I've already explained why it's not a good guess.  And I've already
pointed out that even if you happened to guess correctly, it tells you
nothing about actual exploitable behavior.

There are things one could do that would result in always having the
same PID.  One is using $edit_headers to make it so.  A very
plausible, real-world example would be if I happen to boot my laptop
every day, and immediately start Mutt as the first thing I did, it
would very likely have the same pid, day after day, because the boot
sequence, and my behavior, are deterministic (at least until one of
those things changes).  That would look like a long uptime, but...not
be.

But it wouldn't matter, because this is not how someone with a clue
would look for ways to attack you.  And I'm not worried about someone
who doesn't have a clue.

> or make you feel paranoid by showing that i know how often you
> restart your MUA (who knows what _else_ i learned?).

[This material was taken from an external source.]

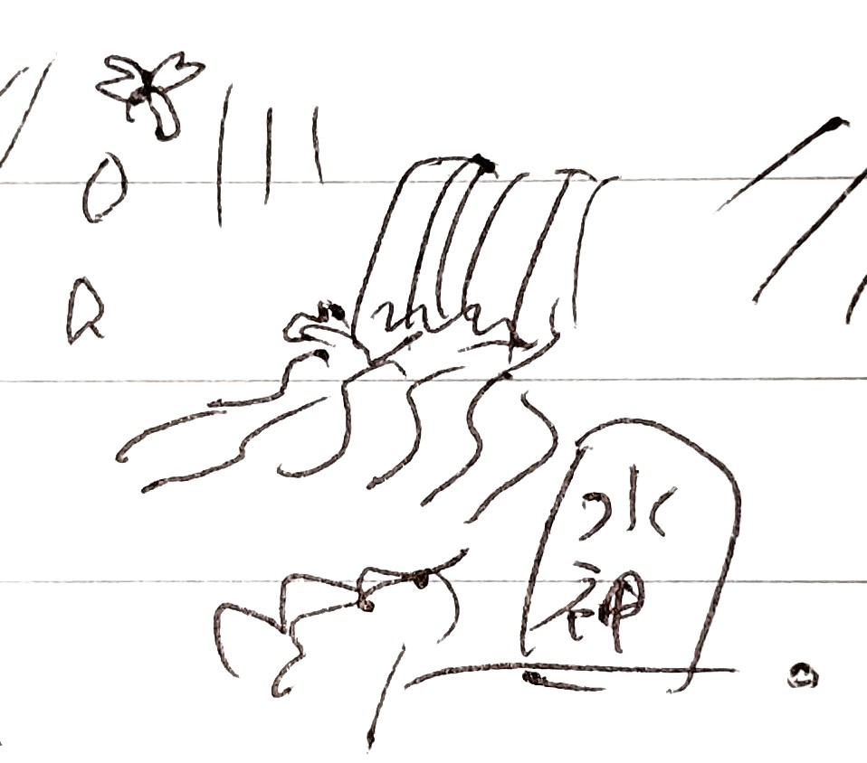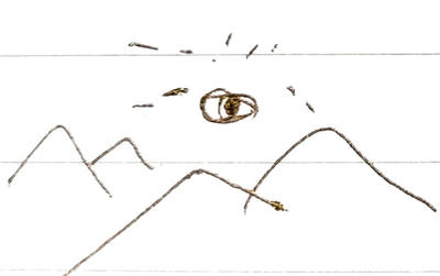 二枚目は、鎌田山の山頂の絵。目玉があるのはたぶんハロが出てたから。なんかご先祖様に見られてる気分になってた記憶
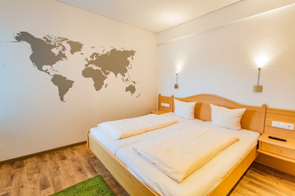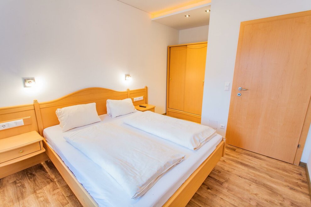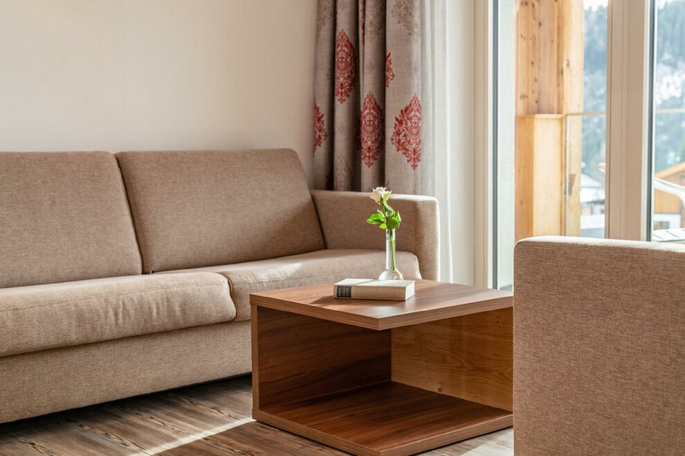 Naše hotelové apartmá "Sinabell" nabízí ložnici s boxspringovou postelí, koupelnu se sprchou, malou kuchyň oddělenou posuvnými dveřmi a obývací pokoj s balkonem a rozkládací pohovkou.

I'm not interested in allaying uninformed paranoia. I'm only
interested in protecting Mutt's users from real threats, by plugging
legitimate holes.

> i'm sure one could come up with other data points if one is inclined
> so.

This is not a compelling argument, and I'm equally sure that you can't.
Since proving a negative is impossible, the burden is on you to prove
you can.  Do so, and I'll happily change my tune.  I can't know
everything so if you do find a way, I'll be wrong, and I won't be
embarrassed to admit it.  But I've been doing this kind of stuff for
quite a while, and I don't think your chances are very good.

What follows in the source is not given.